Я с любопытством посмотрел на Ассаргадона. Оказалось, этот бородач-ломовик один из тех георгиевских кавалеров, которых в феврале 17-го года по поручению царя вел генерал Иванов на усмирение революционного Петрограда! Однако мне мало что удалось выпытать у сдержанного и степенного Ассаргадона. Он, видимо, не придавал значения этому событию своей жизни и если бы не прозвище, то и не вспоминал бы о нем.
— Да што ж рассказывать-то, — неохотно отвечал он. — Посадили нас в вагоны и повезли. Дали на каждый взвод по пулемету. Сказали, будто германцы устроили в Питере бунт. Генерал Иванов, строгий такой старик, но справедливый, кричал все на железнодорожных, что тихо везут. Грозился расстрелять. Велел прицепить второй паровоз. Много ему было хлопот и неприятностей. Раз обходили с ним встречный поезд, глядим — у одного матроса из Питера болтается сбоку кортик. Генерал Иванов к нему: «Почему не по форме одет?» А тот ему в ответ: «Теперь, говорит, свобода. Все равны, нет начальства». Старик ажно затрясся весь. «На колени!» — кричит. А матрос на него с кортиком, насилу оттащили. Ден пять, мотри, мы так без толку мотались по станциям взад-вперед. Вернулись в Могилев, в ставку, тут к нам царь выходит прощаться...

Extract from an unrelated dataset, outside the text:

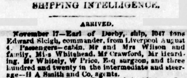 Newspaper Cuttings about the ship Earl of Derby’s arrival in Melbourne
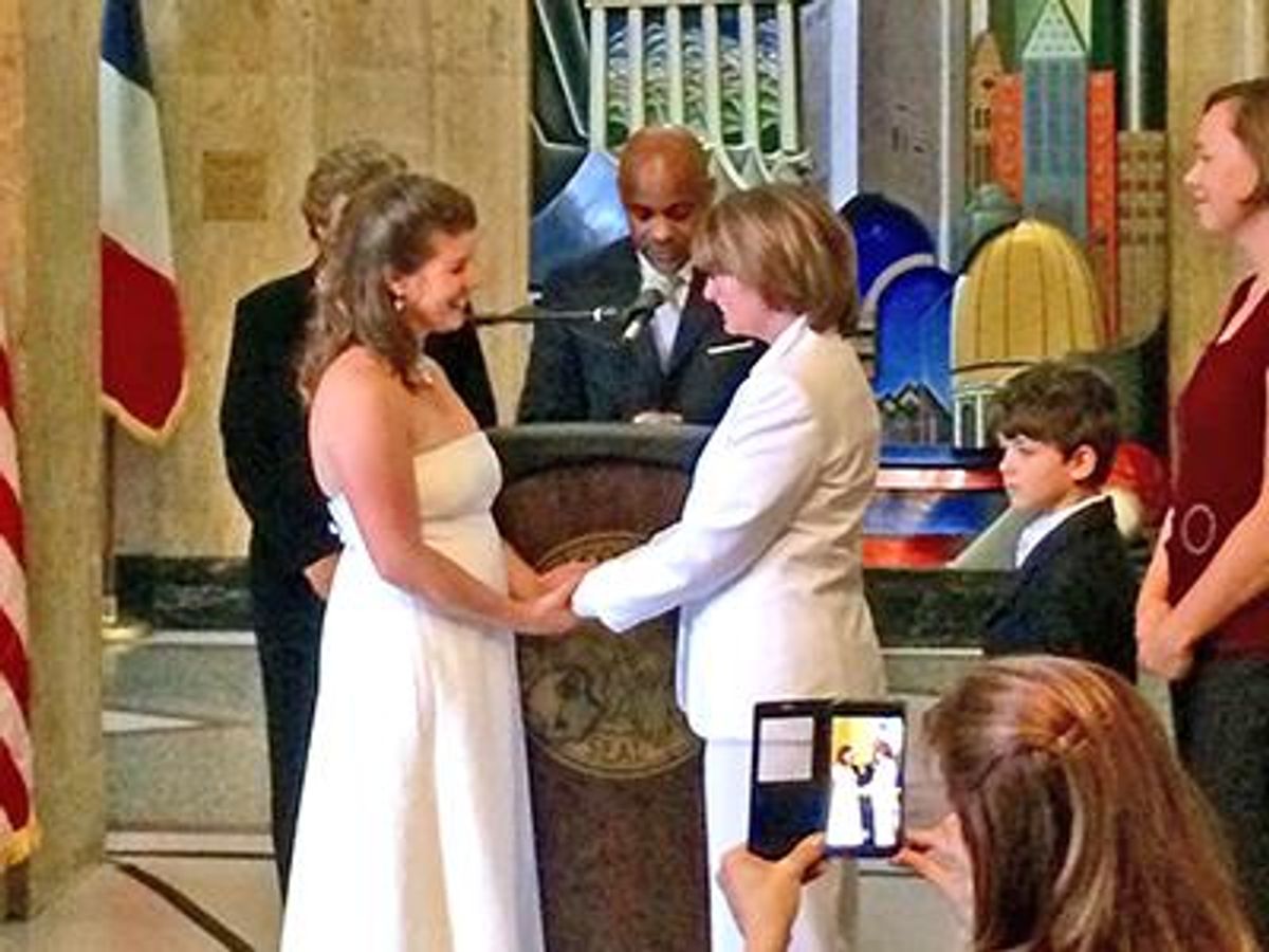 Anna (left) and Fran Simon are legally wed by Denver mayor Michael Hancock as the couple's son, Jeremy, and out City Council member Robin Kniech provide witness.

Рассказ Ассаргадона никто, кроме меня, не слушал. Тимошка тихо наигрывал, подбирая какой-то мотив, а Семен Палыч разговаривал с братом о том, что пора уже убирать пшеницу.
— Моя пшеница подюжей твоей будет.
— Зато твоя без пера, голенькая.
Татьяна Антоновна налила всем чаю и дала по большому куску пирога, но к ее угощенью почти не притрагивались, налегали только на водку. Все заметно охмелели и осовели.
Зачем-то (вероятно, чтобы похвастаться гульбой) решили прокатиться по селу. В коренники запрягли Ассаргадонова битюга, а на пристяжку — киргизку Семен Палыча. Лошадей нахлестывали в два кнута, и они в испуге неслись так, точно почуяли волков. Телега подпрыгивала на ухабах, чуть не соскакивая со шкворня. Ассаргадон, распушив по ветру свою ассирийскую царственную бороду, правил, стоя на коленях. Тимошка на задке, свесив ноги в новых щегольских сапогах, наяривал на гармошке, обрывая игру на толчках. Семен и Алексей Палыч полулежа бабьими голосами выкрикивали вместо припева: «Ох! Ох! Ох!» На нас с любопытством смотрели, оборачивались и кричали что-то вдогонку. Я уже жалел, что увязался с пьяными, и готовился соскочить в случае, если телега перепрокинется, но мужики, несмотря на хмель, все же жалели лошадей и, прокатившись один раз по селу, вернулись ко двору, где опять стали пить.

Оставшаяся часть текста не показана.